Cleveland, who has been a contributor to National Review Online, the Washington Examiner, Aleteia, and Townhall.com following a career that included 25 years as a permanent law clerk for a federal appellate judge, explained that the newest documentation available in special counsel John Durham's case against Clinton campaign lawyer Michael Sussman, for lying to the FBI, reveals the additional maneuverings.

She charged that the documentation suggests the Democrats at that time "sicced the CIA on their domestic enemy, the president."

She said the information that is becoming available in the Sussman case, in which he is accused of lying to the FBI to try to persuade the agency to investigate a hoax – the idea that Trump's campaign was linked to Russian interests – he also tried to convince the CIA to look into the "phones" scandal.

The documents, she explained, "suggest the tech gurus behind the Alfa Bank hoax also tracked Donald Trump’s movements to devise another collusion conspiracy theory."

She said the "Yotaphone hoax" is an "equally serious scandal because it involved both the mining of proprietary information and sensitive data from the Executive Office of the President (EOP) and the apparent surveillance of Trump’s physical movements."

She said the documentation comes from the case accusing Sussman and others of creating the impression that "Trump had maintained a secret communication network with the Russia-based Alfa Bank."

Sussman is accused of giving those claims to the FBI, falsely saying he was sharing the information "on his own" when, in fact, he was representing the Clinton campaign.

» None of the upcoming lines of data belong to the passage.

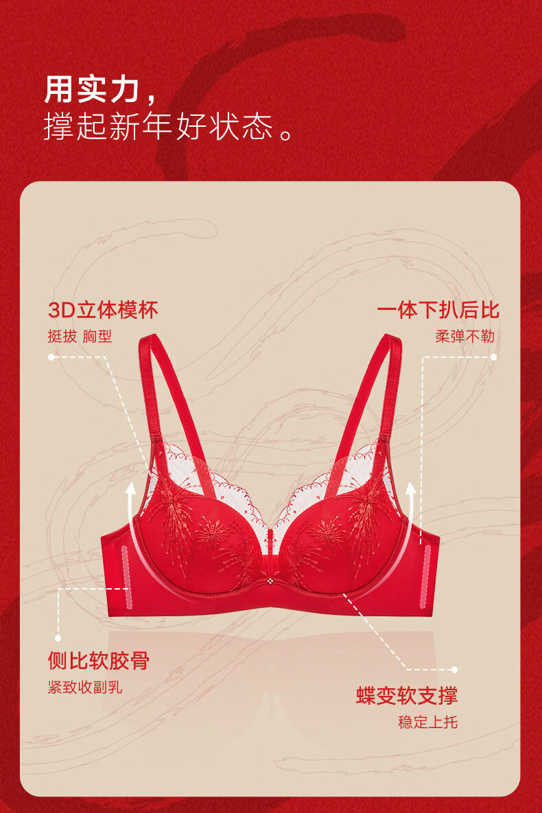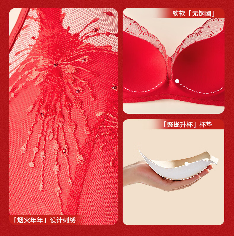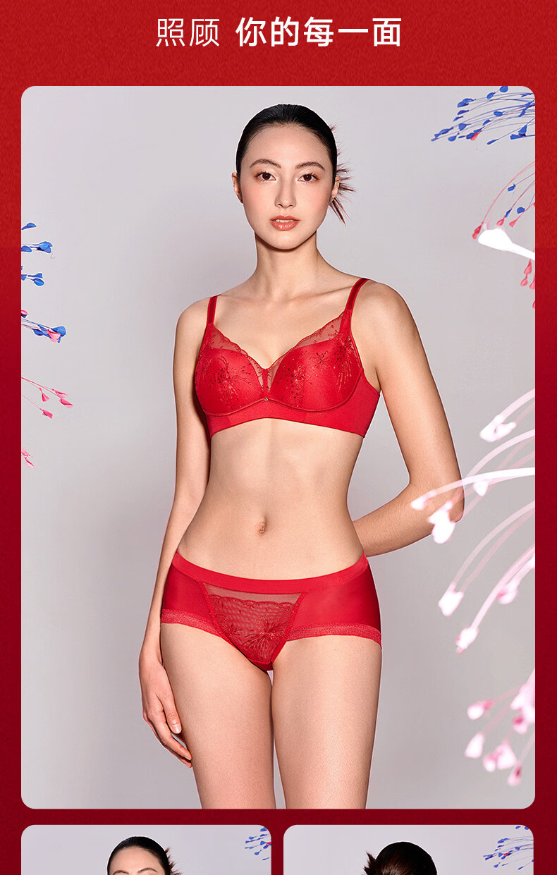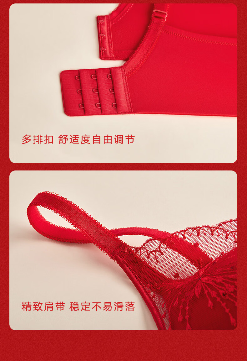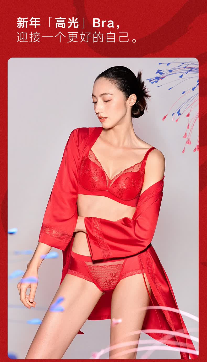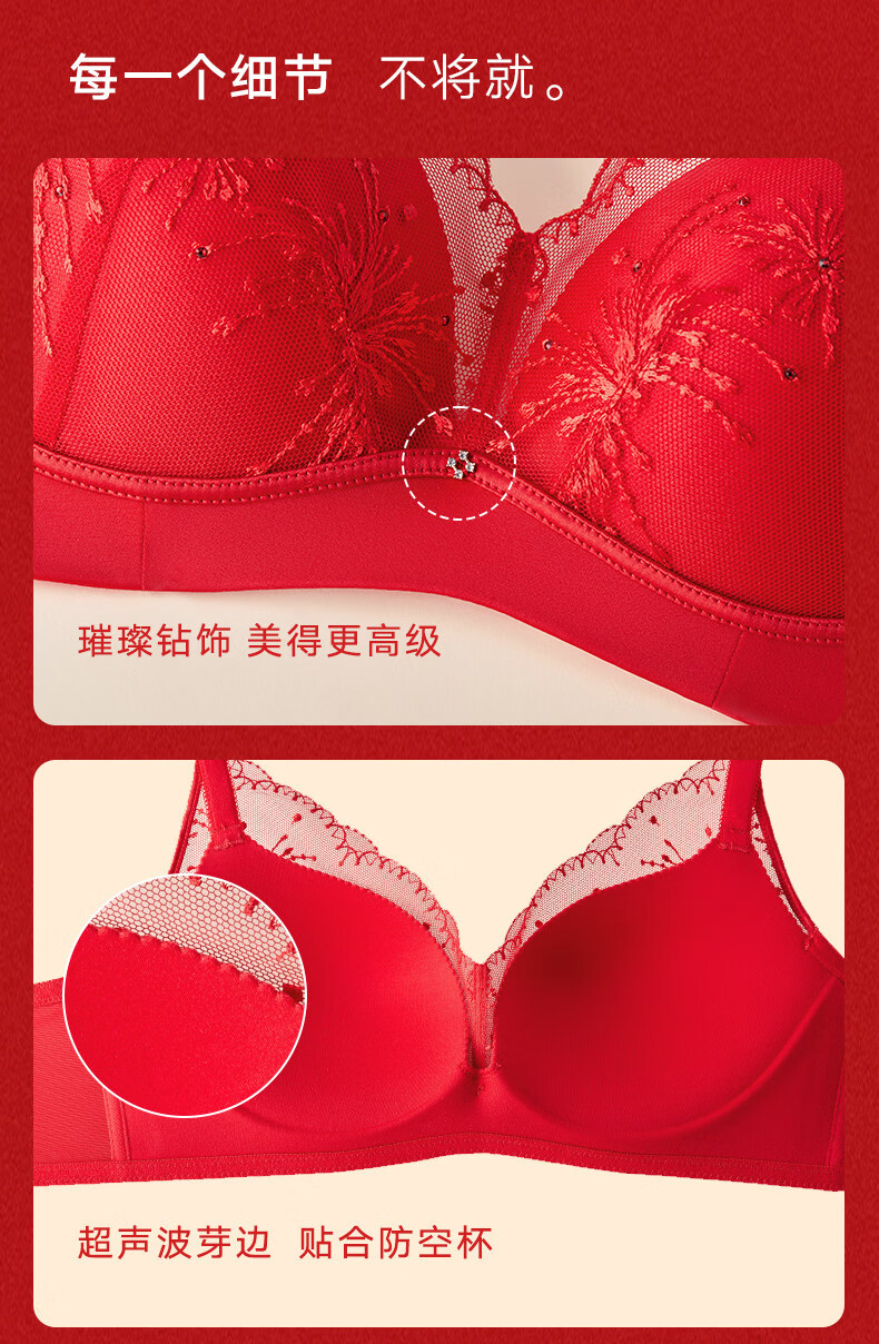 Manifen sexy lace bra New Year red comfortable wire-free push-up underwear women's wedding zodiac year bra
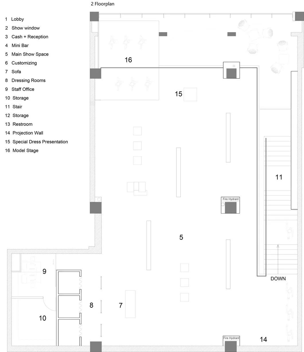 TAG是一个多品牌的融合空间,售卖男、女装及配饰;风格上既有正式礼服,又有街头风潮衣;既有走秀需求,又有咖啡吧。头脑风暴中我们找到一种“比拟”的空间修辞,通过它,TAG的设计雏形便清晰可见。
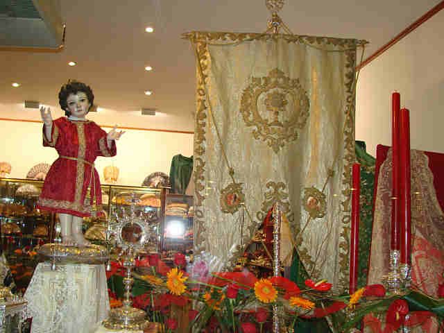 Asociación Madre de Dios del Sol en la calle CerrajeríaTres cuartos y mitad se podria decir de los escaparates y balcones , del llamado comercio tradicional y casas particulares, donde el Corpus se ha combertido en una "fiesta portesta" del descontento del sector comercial y de los habitantes del casco antiguo , hacia la politica municipal, que aunque haya que respetar el resultado de las urnas desgraciadamente han vuelto a salir lo mismo , para contibuar , el desmontaje , vulgarizacion, barbarizacion y acatetamiento de Sevilla .-

She explained the Sussman indictment also outlined how Sussman shared information with the CIA, too, "while allegedly repeating the same false claim that he was not sharing the 'intel' on behalf of any client."

Then, as part of Durham's work, it was revealed "for the first time that when Sussmann met with the CIA in early 2017, he provided agents with internet data beyond the Alfa Bank conspiracy theory. This data, Sussmann claimed, 'demonstrated that Trump and/or his associates were using supposedly rare, Russian-made wireless phones in the vicinity of the White House and other locations,'" Cleveland reported.

Details from the court filings now explain that Sussman claimed a client "had some interesting information about the presence and activity of a unique Russian made phone around President Trump."

"According to the notes, Sussmann also told his contact that 'the phone was never noticed in two places at once' and was seen 'only around the president’s movement," the report said.

"According to Sussmann, the Yotaphone connected to Trump made a number of WiFi calls to Moscow and St. Petersburg from April 2016 until February 2017," the report said.

Sussman reportedly said his "client" would provide the data to "senior" officers and if they declined, would go to the media.

And Sussman said he wanted the CIA "to know about the Yotaphone activity close to the president."

"These people were watching Trump for years," the report explained because Durham's review showed the monitoring had begun as early as 2014.

"But Sussmann omitted that detail when providing the material to the CIA," the report said.

Troubling, the report said, is the fact that the spying on Trump appeared "directly targeted" at networks Trump used. Further, "Even more disconcerting are the repeated references in the memoranda to Trump’s physical location during the DNS lookups, whether at the Trump Tower, in Michigan, or at the White House."

"That a political enemy of Trump would provide the CIA fraudulent-by-omission data to prompt an investigation into the sitting president of the United States is horrifying," Cleveland explained.